* _Items from a dataset_:
"""

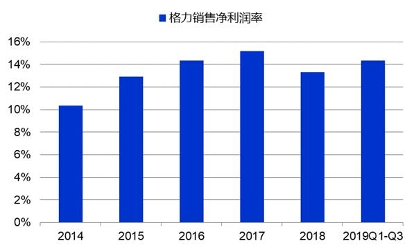 ▼ 格力销售净利润率
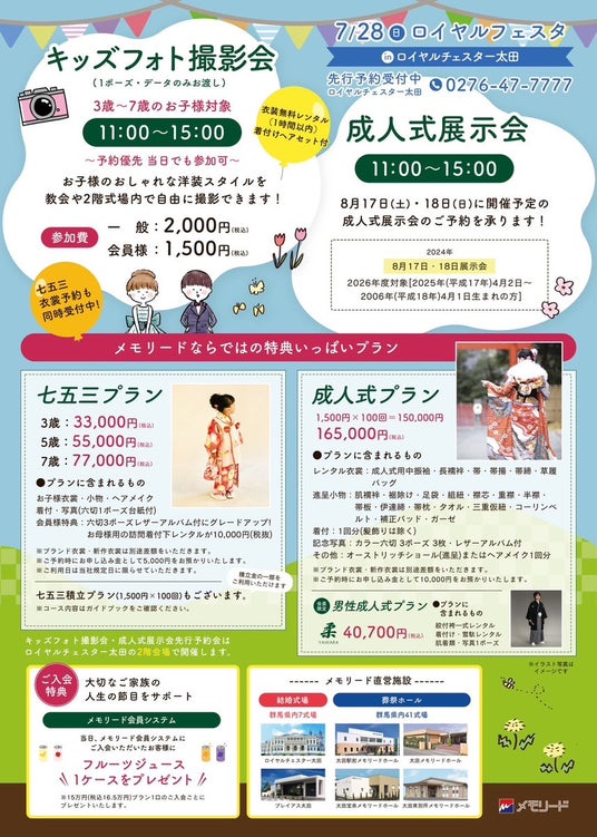 6.ウエディングドレス、七五三、振袖 衣装展示・成人式展示会 先行予約会・キッズフォト撮影会
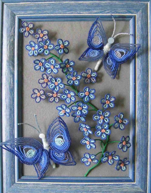 В этом варианте панно все или часть его элементов выполнены из бисера. Для начала делаются сами элементы, а потом уже закрепляются на основу и, по желанию, оформляются в рамку.
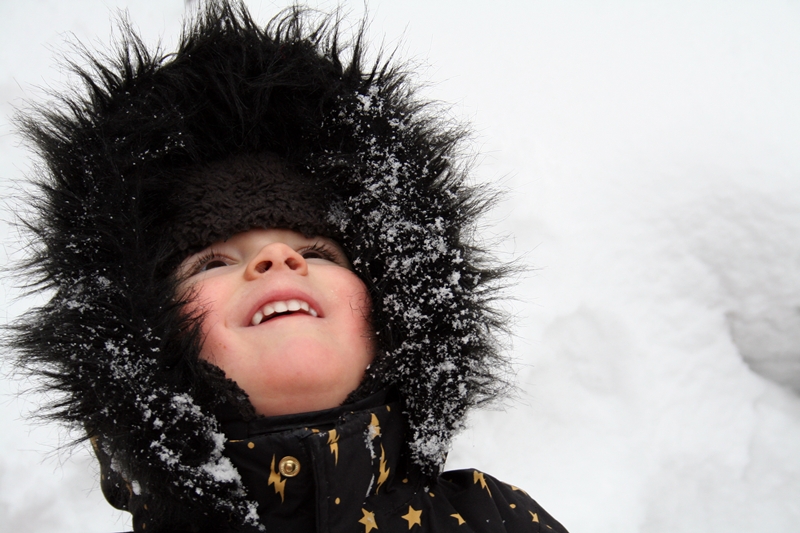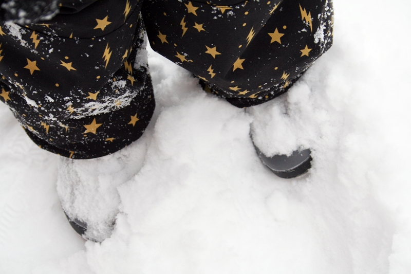 Lunta olikin tullut taas aika lailla! Etenkin pojat nauttivat kun pääsivät pitkästä aikaa kunnolla ulos leikkimään. Elviskin, joka usein kiukuttelee, sillä lumessa liikkuminen on vielä niin hankalaa. Nyt ei edes harmittanut vaikka monta kertaa upposi päätä myöten hankeen.
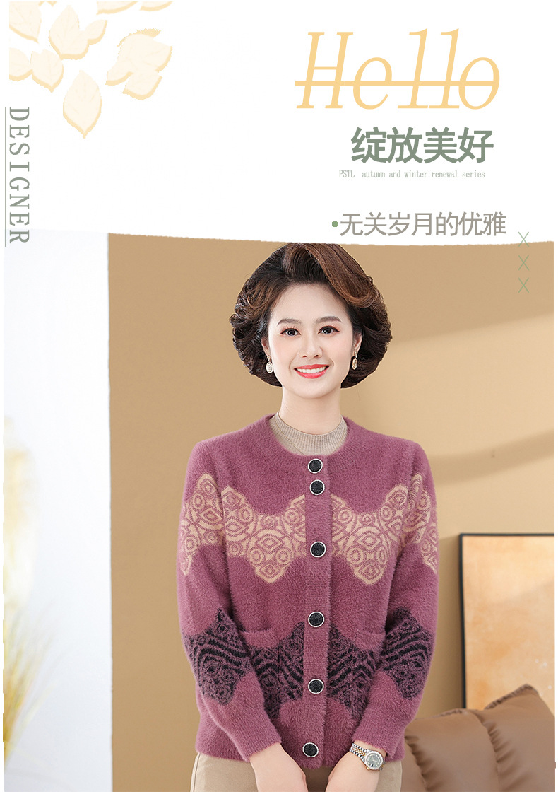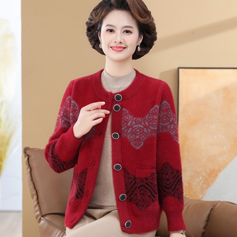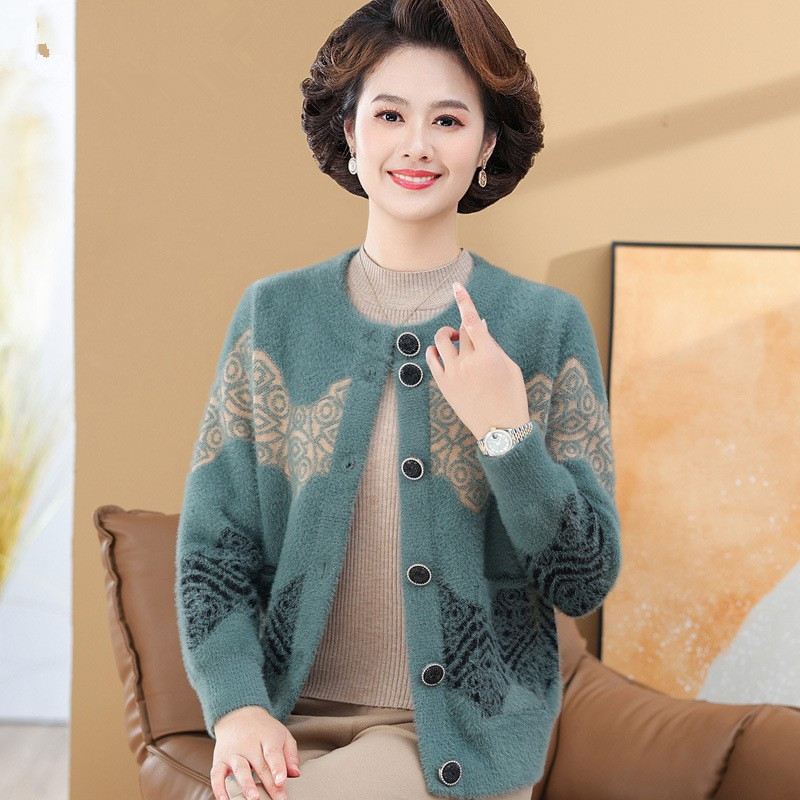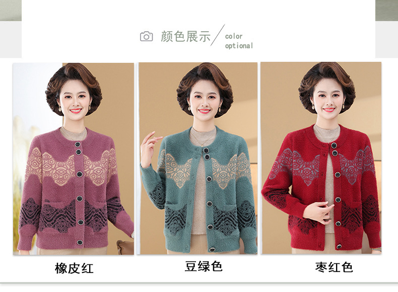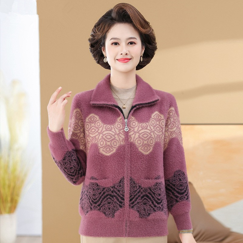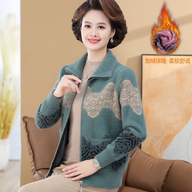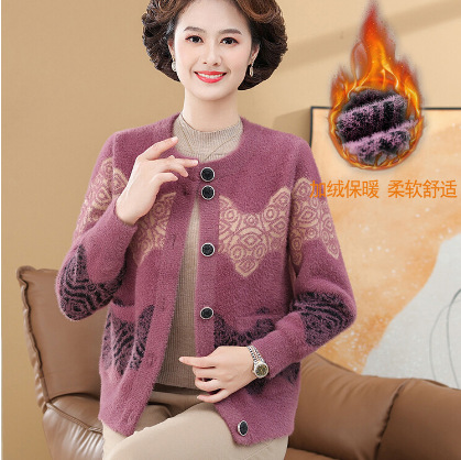Осенне-зимнее Норковое флисовое пальто для женщин среднего и пожилого возраста, утолщенный вязаный кардиган с лацканами для мамы для бабушки
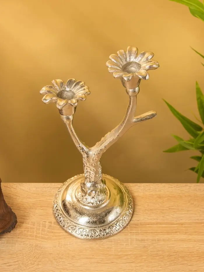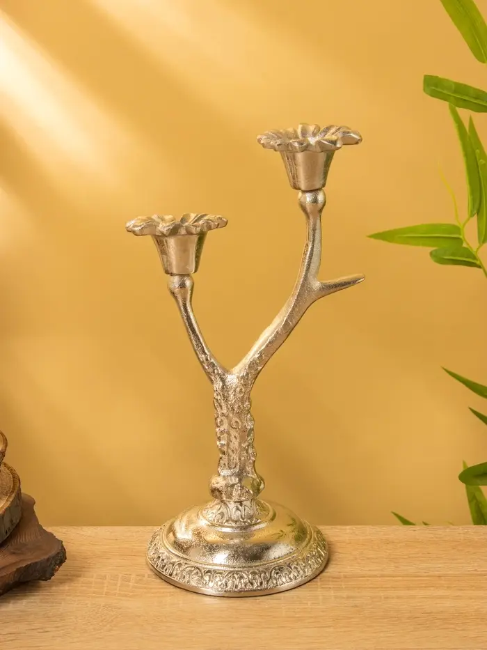 Подсвечник на 2 свечи «Дуэт», 12×15×29 см, алюминий
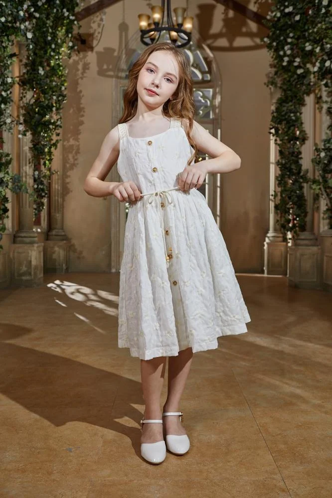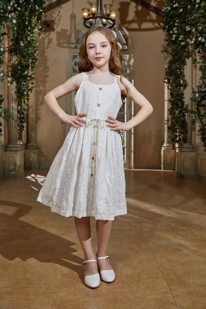 ✨ فستان بناتي بيج علاقي بأزرار أمامية – تصميم ميدي أنيق لعمر 2 إلى 12 سنة ✨

"""

* _Goal of the exercise_:
Only the lines from the start of the records above through the line containing "В этом варианте" should be returned, exactly and with both ends, please; the pictures stay out.

* _Problem solution_:
 ▼ 格力销售净利润率
 6.ウエディングドレス、七五三、振袖 衣装展示・成人式展示会 先行予約会・キッズフォト撮影会
 В этом варианте панно все или часть его элементов выполнены из бисера. Для начала делаются сами элементы, а потом уже закрепляются на основу и, по желанию, оформляются в рамку.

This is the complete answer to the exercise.